Soignez-vous, je vous en prie, pour votre coeur, ma chère fille. Vous dirai-je que l’affection que Combal m’avait trouvée dans le temps m’est revenue ces jours-ci? Quant au F. Picard, je l’avais engagé à venir ici, il préfère aller à Paris, de là à la Salette. Je ne puis pas vous transmettre une autorité que je n’ai pas(1).
Le nom de l’Assomption vient aux Oblates, non de vous, mais de nous. Si nous changeons, elles ne demanderont pas mieux que de changer. Je le leur ai proposé, elles résistent. Et vraiment, si nos religieux vont à Nice jamais, faudra-t-il qu’ils changent de nom, parce qu’il y aura des Assomptionistes(2)? La grande différence c’est, outre le nom d’Oblates, celui de religieuses [missionnaires](3), et cette différence elles y tiennent, je puis vous l’assurer. Du reste, elles n’auront pas de quelque temps de prospectus, et je vois tant de gens prédire un échec complet (entre nous, j’y crois bien un peu) que je ne vois pas sujet de s’inquiéter.

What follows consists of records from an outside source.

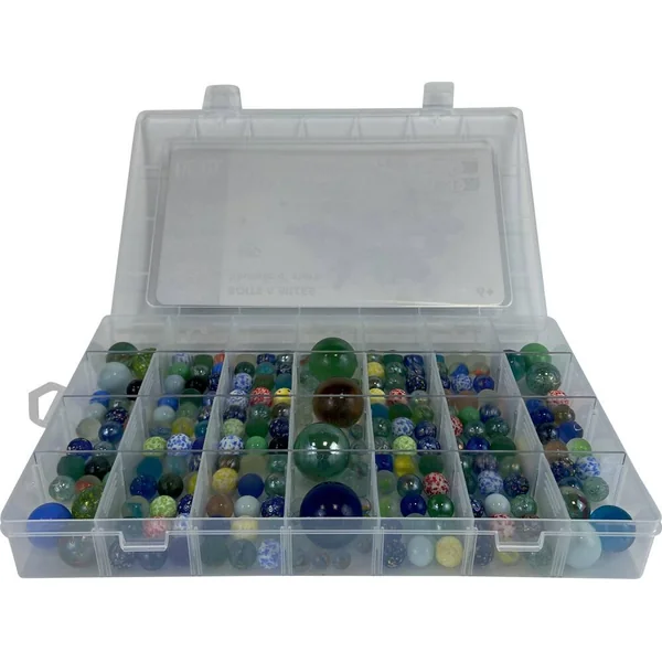 Conçue pour les enfants dès 6 ans, cette boîte renferme 230 billes de tailles variées, offrant une multitude de possibilités de jeux. Les billes se déclinent en quatre tailles : 3.5 cm, 2.5 cm, 1.6 cm et 1.1 cm, ce qui permet de diversifier les activités et de stimuler l’imagination des petits joueurs.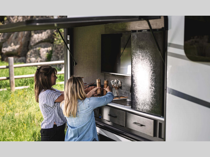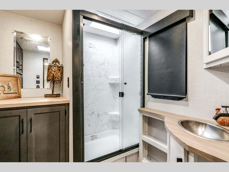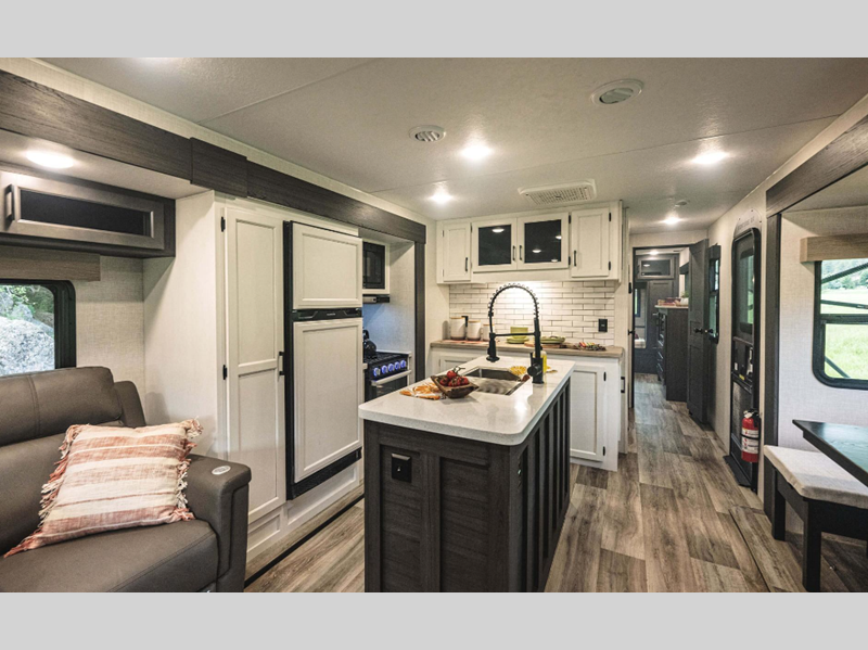 Sleeps 4 Slides 3 Length 36 ft 10 in Ext Width 8 ft Ext Height 11 ft 6 in Int Height 6 ft 10 in Interior Color Blake, Doe Hitch Weight 1200 lbs GVWR 10810 lbs Dry Weight 9010 lbs Cargo Capacity 1800 lbs Fresh Water Capacity 45 gals Grey Water Capacity 32 gals Black Water Capacity 32 gals Tire Size 15" Furnace BTU 30000 btu Available Beds King Refrigerator Type 12V Refrigerator Size 10 cu ft Cooktop Burners 3 Shower Size 30" x 36" Number of Awnings 2 Axle Weight 7810 lbs LP Tank Capacity 30 lbs Water Heater Type On Demand Tankless AC BTU 15000 btu TV Info LR Smart TV Awning Info 10' 4" and 16' Power w/ LED Lights Axle Count 2 Washer/Dryer Available Yes Number of LP Tanks 2 Shower Type Standard Electrical Service 50 amp Similar Floorplans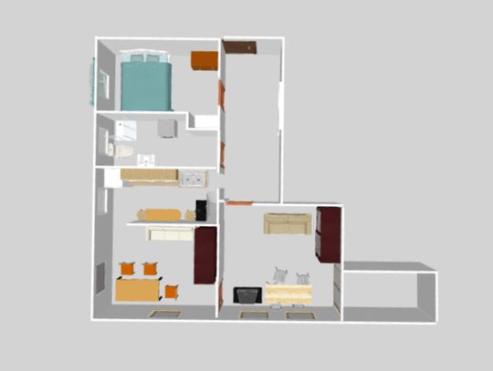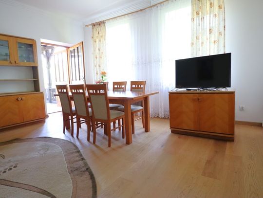 Nieruchomość jest w pełni umeblowana i wyposażona, gotowa do natychmiastowego zamieszkania. Wyposażenie obejmuje m.in. meble, sprzęty kuchenne, wyposażenie łazienki.
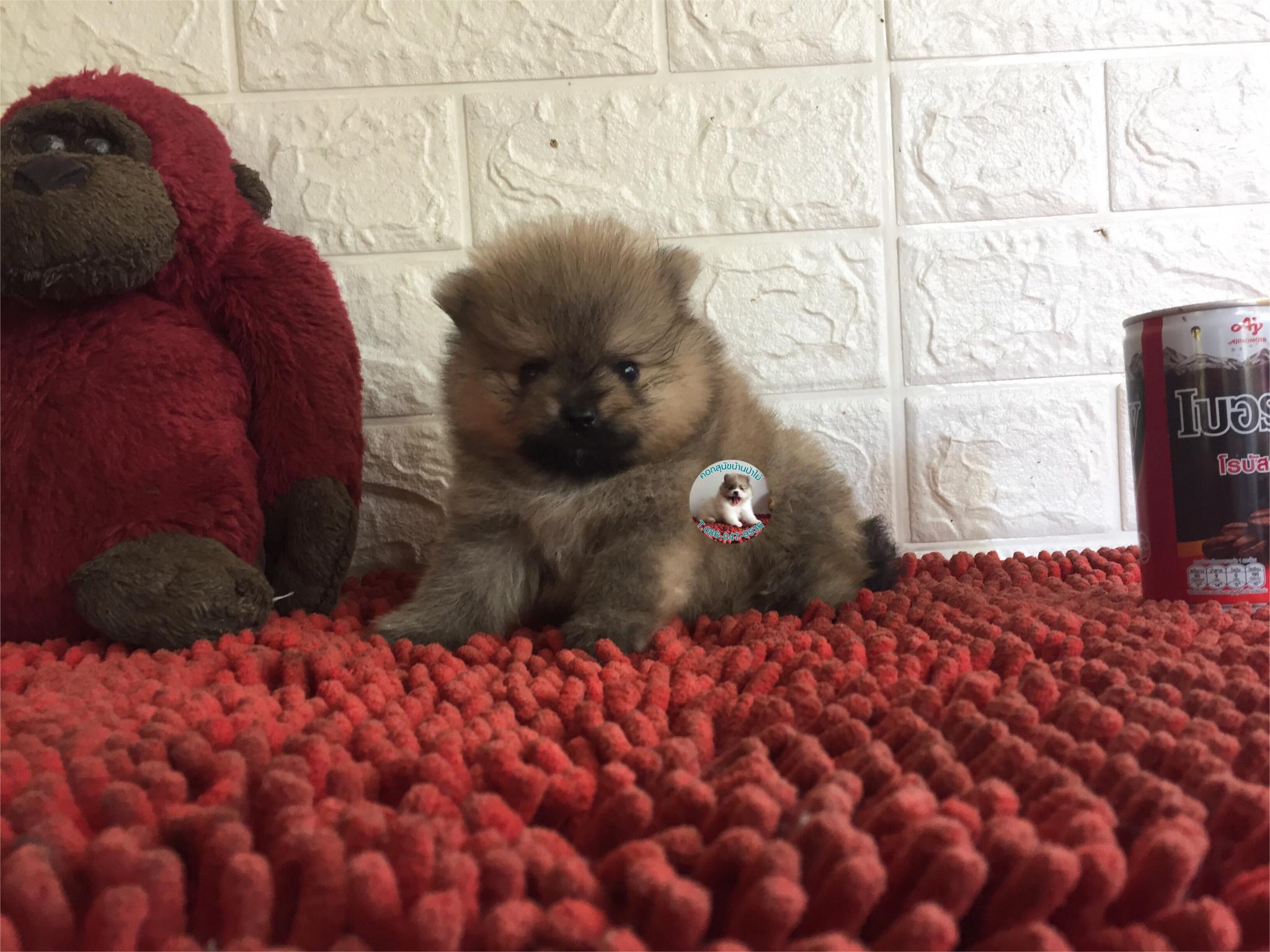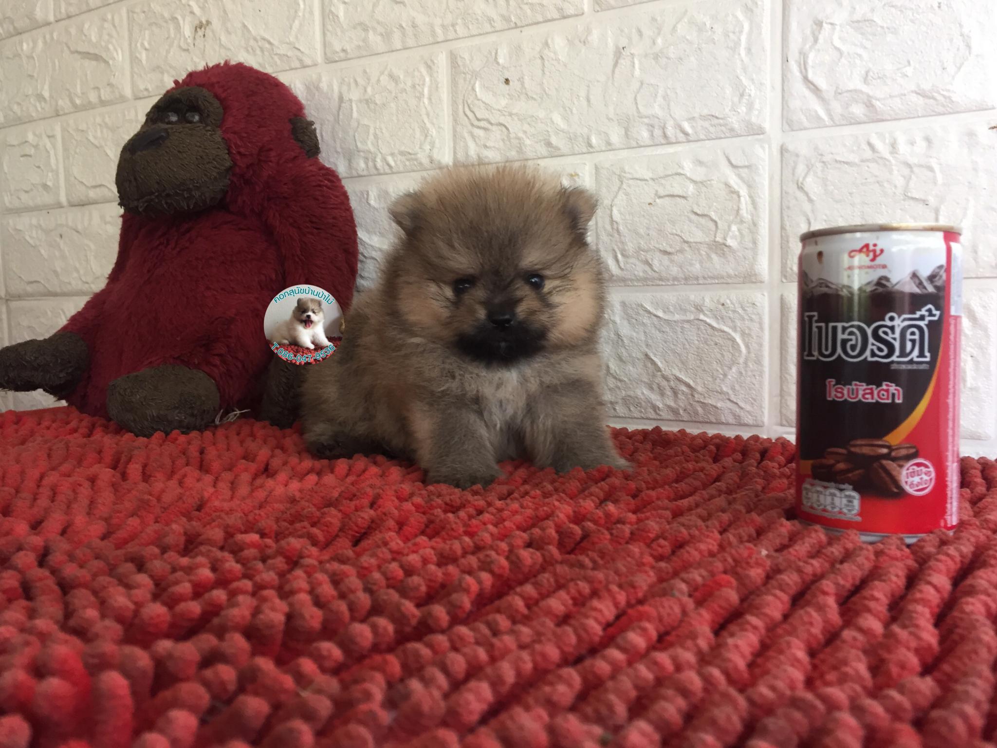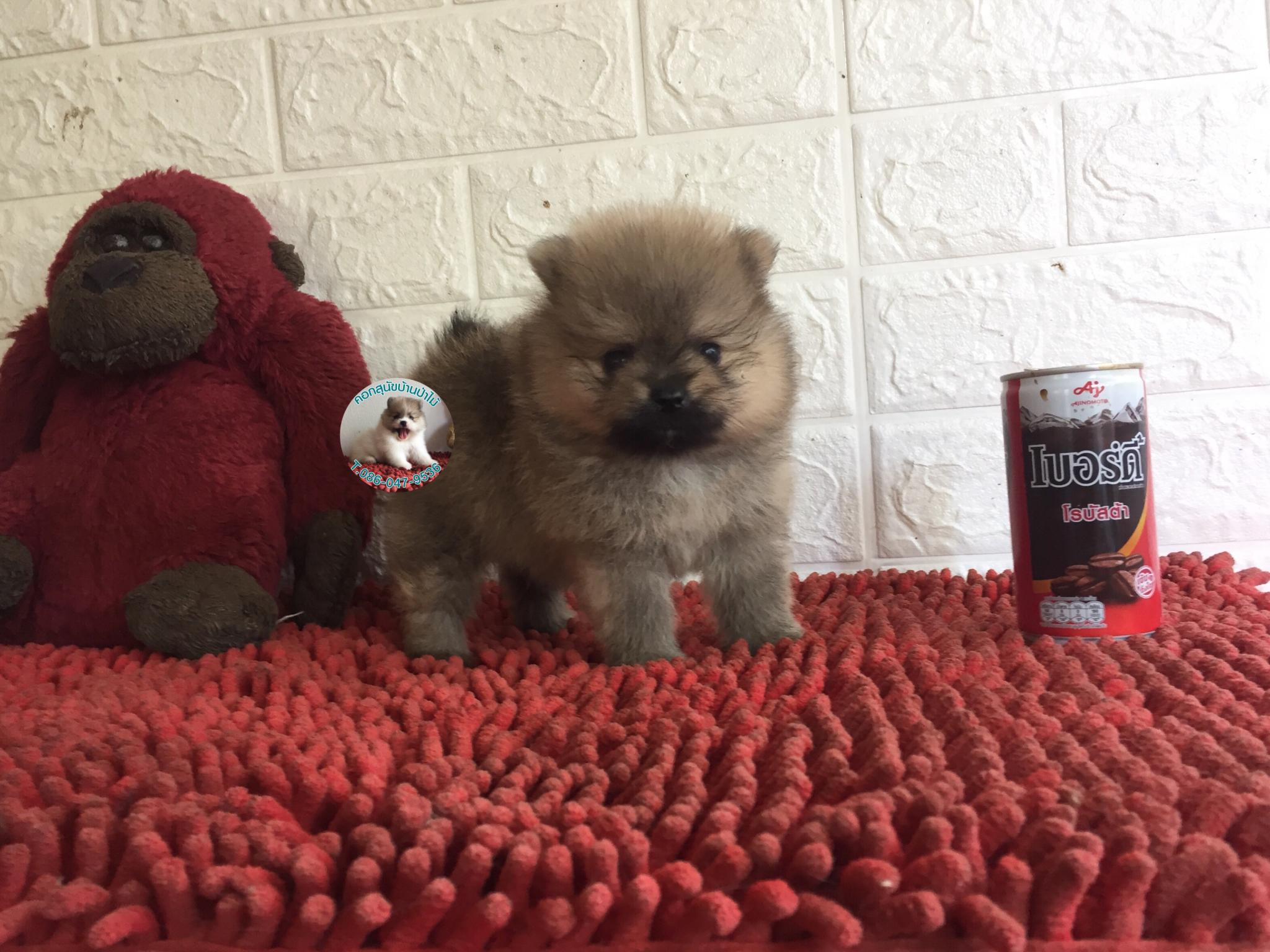 ลูกปอมตัวผู้สีน้ำตาล ขนแน่นตัวกลมสั้น พกพาสะดวก ราคาต่อรองได้ค่ะ

Vous voyez que la Mère M.-Gabrielle, en exagérant les choses, a fait donner, entièrement à mon insu, une décision par Monseigneur(4) Il y aurait encore des ennuis plus désagréables que vous ne le pensez. Vous pouvez demander à Monseigneur ce que vous voudrez, je doute fort qu’il fasse plus que n’a fait l’évêque de Nancy. L’autorité ecclésiastique ne se mêle pas de ces choses. Vous le voyez par la quantité de Soeurs de Saint-Joseph, ou de l’Immaculée Conception, approuvées avec des règles différentes. Mais, je vous le répète, de même que vous avez échoué pour Nancy(5), je crains que vous n’échouiez pour Nîmes. Il y a bien des choses que je ne veux pas vous écrire et qui me prouvent que j’ai raison. Le nom des Oblates tout court prendra le dessus, et l’on sera bien aise de n’être pas Oblates de l’Assomption. Mais je vous laisse toute liberté de vous adresser à Monseigneur.
On a voulu un peu le Congrès malgré moi(6), et je me tiens en dehors, car je ne suis pas vaillant. Adieu, ma fille. Hélas! soignons-nous; puisque nous en sommes là.